A-A+
查找表中多字段重复数据 并删除之 保留最早一条
来源:zhoz 由于代码问题,产生重复数据。而又是产生于两张表间的关联,需要删除多余的数据,但需要保留最原始的第一条数据(这通常就是ID值最小的那条)。举例说明:
CREATE TABLE `zhoz_mst` (
`id` INT NOT NULL AUTO_INCREMENT PRIMARY KEY ,
`title` VARCHAR( 66 ) NOT NULL ,
`kana` VARCHAR( 66 ) ,
`zz` VARCHAR( 66 ) NOT NULL
) ENGINE = MYISAM ;
插入测试数据:
INSERT INTO `zhoz0428`.`zhoz_mst` (`id` ,`title` ,`kana` ,`zz` )VALUES (NULL , 'aaa', 'bbb', 'ccc');
INSERT INTO `zhoz0428`.`zhoz_mst` (`id` ,`title` ,`kana` ,`zz` )VALUES (NULL , 'aaa', 'bbb2', '2');
INSERT INTO `zhoz0428`.`zhoz_mst` (`id` ,`title` ,`kana` ,`zz` )VALUES (NULL , 'aaa', 'bbb', '3');
INSERT INTO `zhoz0428`.`zhoz_mst` (`id` ,`title` ,`kana` ,`zz` )VALUES (NULL , 'aaa', 'bbb', '4');
INSERT INTO `zhoz0428`.`zhoz_mst` (`id` ,`title` ,`kana` ,`zz` )VALUES (NULL , 'a', 'b', '5');
INSERT INTO `zhoz0428`.`zhoz_mst` (`id` ,`title` ,`kana` ,`zz` )VALUES (NULL , 'a', NULL, '6');
INSERT INTO `zhoz0428`.`zhoz_mst` (`id` ,`title` ,`kana` ,`zz` )VALUES (NULL , 'a', NULL, '7');
INSERT INTO `zhoz0428`.`zhoz_mst` (`id` ,`title` ,`kana` ,`zz` )VALUES (NULL , 'a', 'b', '8');
1 aaa bbb ccc
2 aaa bbb2 2
3 aaa bbb 3
4 aaa bbb 4
5 a b 5
6 a NULL 6
7 a NULL 7
删除保存最小ID:
select a.id, a.title, a.kana from zhoz_mst a
where (a.title,a.kana) in (select title,kana from zhoz_mst group by title,kana having count(*) > 1)

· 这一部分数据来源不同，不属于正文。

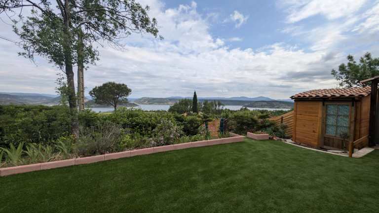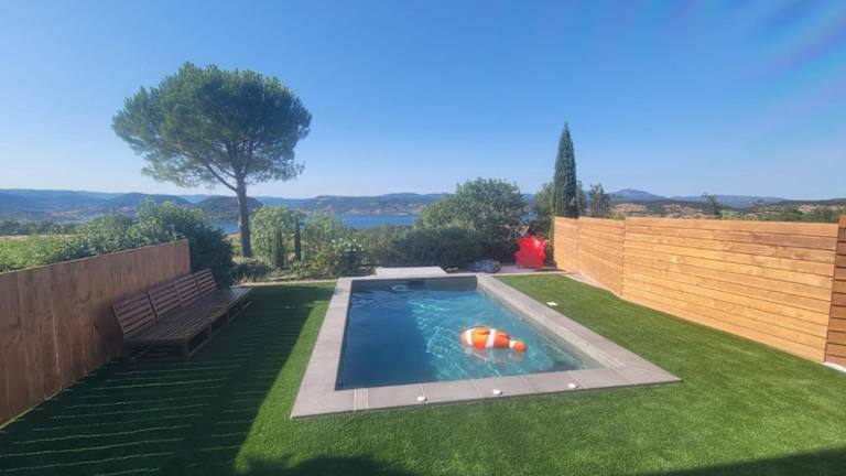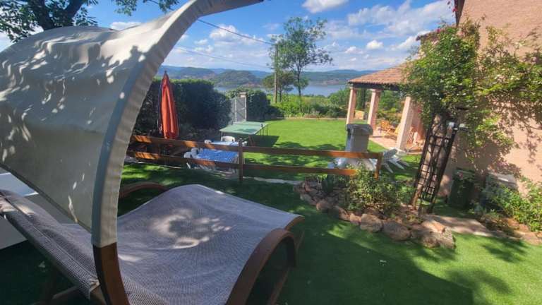 Die Unterkunft VillaT5 Piscine vue Lac du Salagou befindet sich in Liausson, mit Blick auf den Lac du Salagou. Die Umgebung bietet einen Garten und eine Terrasse mit sehenswerter Aussicht.

and id not in (select min(id) from zhoz_mst group by title,kana having count(*)>1)
取出两字段完全相同:
select a.id, a.title, a.kana from zhoz_mst a
where (a.title,a.kana) in (select title,kana from zhoz_mst group by title,kana having count(*) > 1)
----------------------
1 aaa bbb
3 aaa bbb
4 aaa bbb
5 a b
8 a b
如果是重要数据,还得先备份数据:
下面是PGSql的备份方式:
/usr/local/pgsql/bin/pg_dump -d aom -t zhoz_mst > zhoz_mst090428.sql
更新PgSql学习:http://log.zhoz.com/read.php?469
如果删除这个的同时,需要更新另外的关联表,就需要写代码来执行。单纯的Sql文我想应该也能实现,但有风险。
PHP的实现思路:
- $data = $db->executeQuery($sql); // 上面的Sql文
- $exp_id_array = array();
- foreach ($data as $tmp) {
- $first_id = $tmp["id"];
- $first_title = $tmp["title"];
- $first_kana = $tmp["kana"];
- if (in_array($first_id, $exp_id_array)) {
- continue;
- }
- // 这里操作其它表的逻辑
- }